Désormais, en regardant vers l’avenir, il dit vouloir croire aux promesses faites par le HTS depuis le 8 décembre, notamment celle de protéger ses droits en tant que minorité et de ne pas passer d’une oppression à l’autre.

« Personne n’a le droit d’effacer un autre groupe. Ces sectes coexistent dans cette région depuis des centaines d’années et personne n’a le droit de les éliminer », a déclaré al-Sharaa dans une interview télévisée après la victoire des rebelles.

Mercredi, il a également promis que la Syrie ne deviendrait pas « l’Afghanistan » en matière d’éducation des filles.

Ces promesses sont importantes mais doivent être surveillées de très près, déclare Adam Coogle, directeur adjoint de la division Moyen-Orient et Afrique du Nord à Human Rights Watch.

« Les autorités de transition syriennes devraient protéger les droits de tous les Syriens de manière égale et indiquer clairement que les actes de vengeance en dehors de l’État de droit ne seront pas tolérés », insiste-t-il.

Pendant ce temps, des informations selon lesquelles des soldats alaouites seraient détenus dans les prisons du HTS continuent de circuler, même si L’Observatoire de l’Europe ne peut pas vérifier ces affirmations de manière indépendante.

Le Parti de la justice et du développement ou AKP du président turc Recep Tayyip Erdoğan, acteur politique qui entretient de bonnes relations avec le HTS, a souligné la nécessité d’un modèle « respectueux de la liberté de foi ».

Dans une interview accordée récemment aux médias locaux, Ömer Çelik, porte-parole du parti, a déclaré : « Les sunnites respecteront les chiites, les chiites respecteront les sunnites… Un modèle dans lequel tous les groupes ethniques et religieux vivent ensemble.
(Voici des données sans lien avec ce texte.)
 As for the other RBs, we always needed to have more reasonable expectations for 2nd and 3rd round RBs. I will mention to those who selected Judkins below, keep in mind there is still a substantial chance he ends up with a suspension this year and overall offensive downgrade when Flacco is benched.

Nous disons : « La Syrie appartient aux Syriens ».

Il a également souligné : « S’il n’y a pas de modèle de gouvernance inclusif, malheureusement, les acquis sont perdus et des conflits plus graves éclatent. Il faut un modèle de volonté commune.
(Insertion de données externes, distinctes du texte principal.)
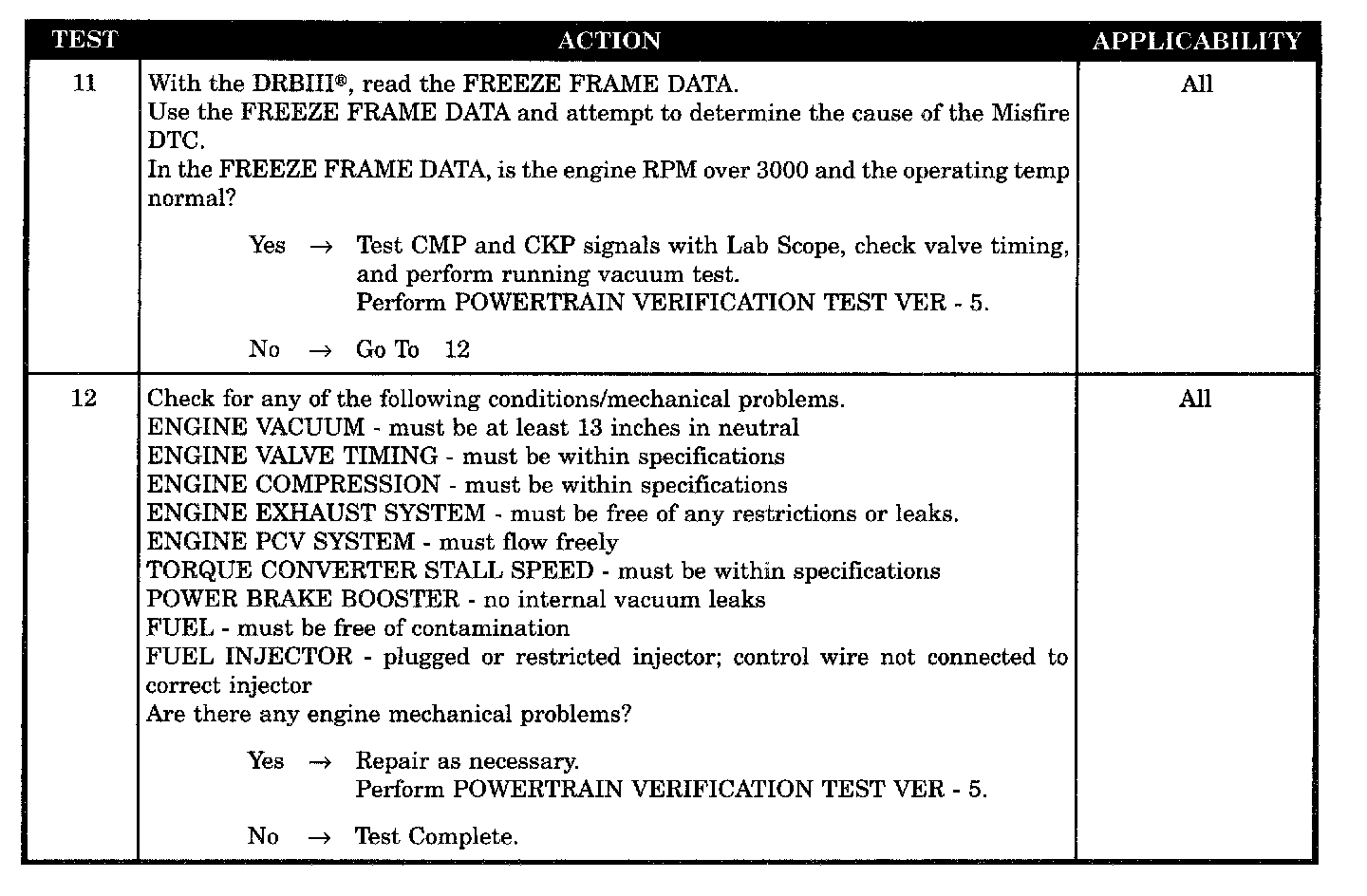 This symptom is diagnosed using the test P0300 - MULTIPLE CYLINDER MISFIRE.

Jeudi dernier, le nouveau gouvernement syrien a gelé la Constitution et le Parlement pour une période de trois mois.

À l’heure actuelle, il n’est pas encore clair si la nouvelle Syrie sera dotée d’une constitution civile qui soit égale pour toutes les personnes issues de différents horizons.

Les Alaouites syriens interrogés par L’Observatoire de l’Europe ont tous déclaré qu’ils préféreraient cela, ainsi qu’une Syrie pour tous les Syriens.

*Les noms des Syriens qui ont parlé à L’Observatoire de l’Europe ont été modifiés pour protéger leur identité.